Le gotha de la pharma à Lourmarin

Car entre temps, Pharmaceutiques a quitté le giron de la « maison Vial » et de son agence, PR Editions, qui a été vendue en 2004 au groupe IMS Healthqui deviendra IQVIA par la suite -, société de services et de conseils, leader mondial des données sur le médicament. A travers cette vente, IMS devient ainsi propriétaire d’un journal bien installé dans sa « niche », mais se donne également un accès direct et privilégié à un évènement phare de la pharma française, les Universités d’été de Pharmaceutiques. Lourmarin où se tiennent ces Universités, devient ainsi chaque année, en septembre, le lieu privilégié où se précipite le gotha de cette même pharma pour, une journée et demi durant, échanger avec ceux qui, au sein des institutions en charge du médicament, font la pluie et le beau temps.
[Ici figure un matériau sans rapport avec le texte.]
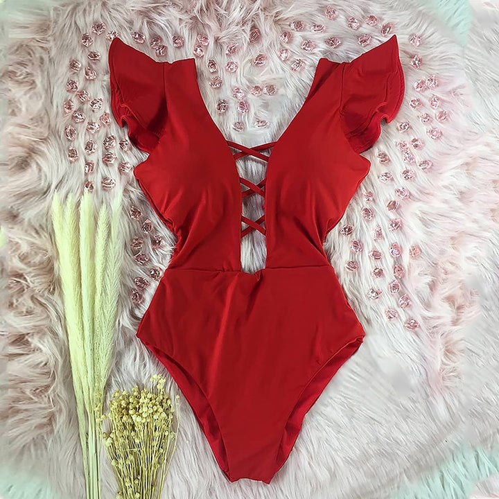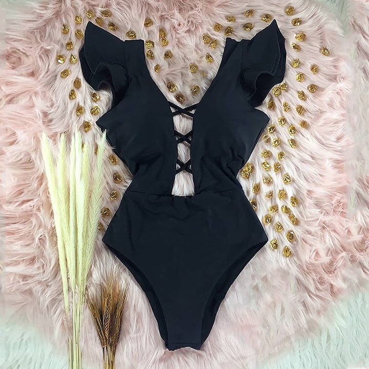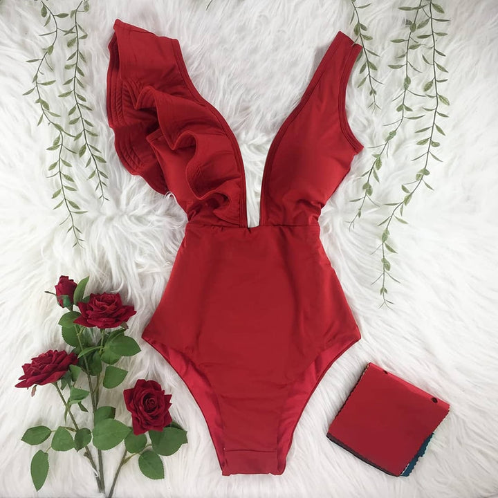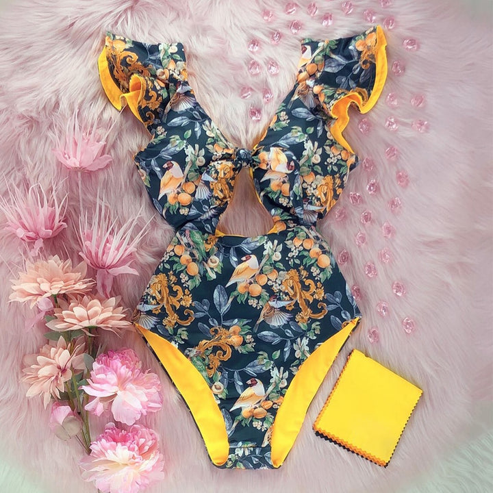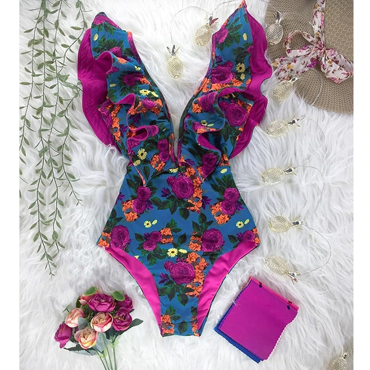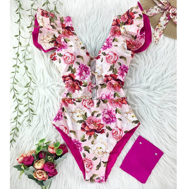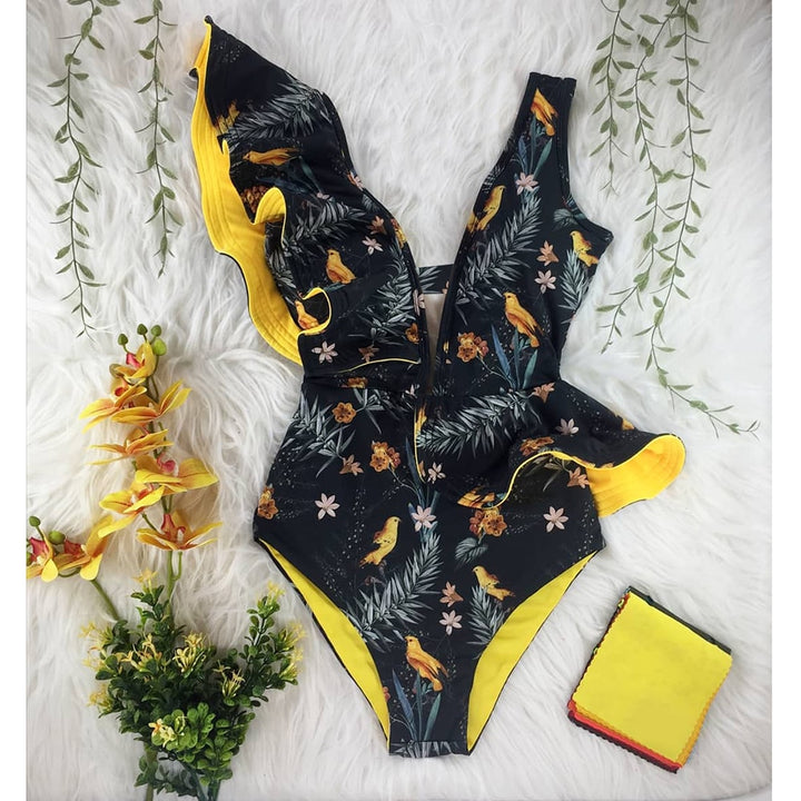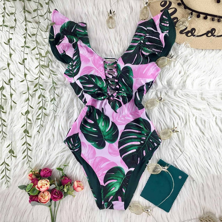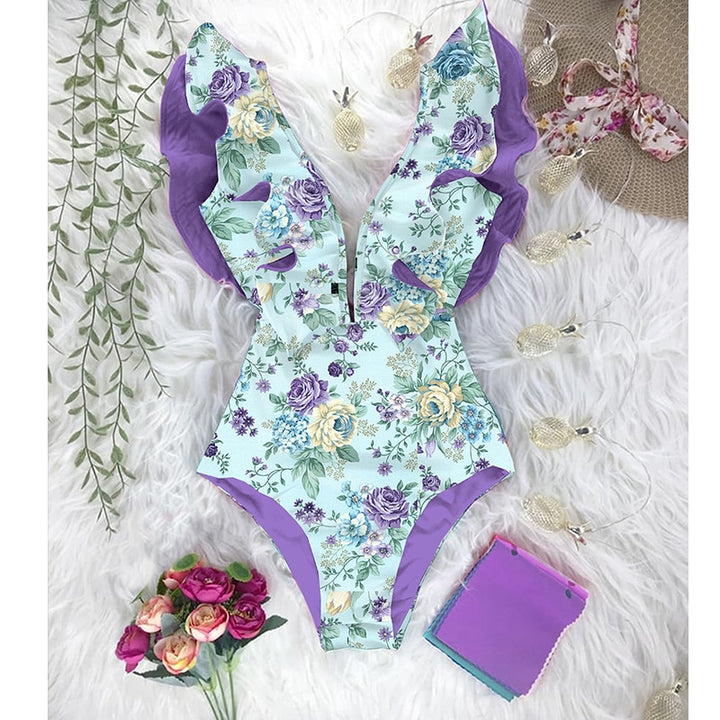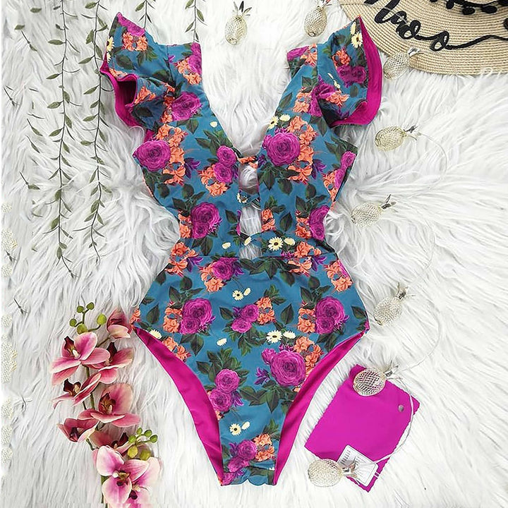 Trendy Printed Deep V-neck Ruffles Monokini

Les thèmes soigneusement choisis par le maître de séance et fondateur de la formule – Daniel Vial-, en amont de la manifestation et en concertation avec des représentants de la branche comme des autorités de santé (3), doivent moins à l’actualité – même s’ils s’efforcent d’y coller au plus près – qu’à la volonté de placer des intervenants clés et très « VIP » dans la branche à la tribune. Cette plateforme d’échanges entre industriels du médicament – les prestataires autrefois sponsors de la manifestation ont été interdits d’accès par IMS -, politiques de tous bords et décideurs des institutions en charge de la pharma a ainsi permis 14 années durant de consolider des liens entre les uns et les autres de manière plus informelle et conviviale. Une fois leur journée et demi de travaux achevés (4), quelques privilégiés, triés sur le volet, ont accès à la demeure privée du maître de cérémonie, qui se situe à proximité de la commune de Lourmarin.

Reste désormais que la formule du huis-clos industrie – autorités de santé – politiques semble avoir vécu. Car entre temps l’affaire du Mediator s’est brutalement imposée sur la scène médiatique et avec elle l’incontournable question des « conflits d’intérêt ». Conscient qu’il n’était guère possible de faire perdurer un tel séminaire fermé à la presse et où les industriels qui payent pour y accéder – autour de 4000 euros – financent, à quelques exceptions près, la présence des politiques, des représentants des autorités de santé et des intervenants à la tribune (souvent les mêmes), la société IMS a décidé de mettre fin à cette opération d’échanges concertés de plus en plus critiquée. Ce d’autant que le LEEM, associé de longue date à la démarche, vit pour l’heure – et depuis quelques semaines – des heures difficiles, tant au sein de la mission parlementaire sur le Mediator que dans l’enceinte des Assises du Médicament où les attaques sont assez directes à l’encontre de la politique promotionnelle des industriels de la pharma. L’initiateur de la formule mise en oeuvre à Lourmarin, Daniel Vial, devenu entre temps « conseiller spécial » du dg de Sanofi, Chris Viehbacher, voit ainsi l’un des fleurons de son action passée disparaître au profit d’une opération davantage banalisée. IMS a ainsi fait savoir que ses « Universités d’été » se tiendront en 2011 en décembre – les 2 et 3 décembre selon l’APM -sous une formule différente, discrète, moins « people ». L’Université d’été se tiendra à Strasbourg, mais à l’automne.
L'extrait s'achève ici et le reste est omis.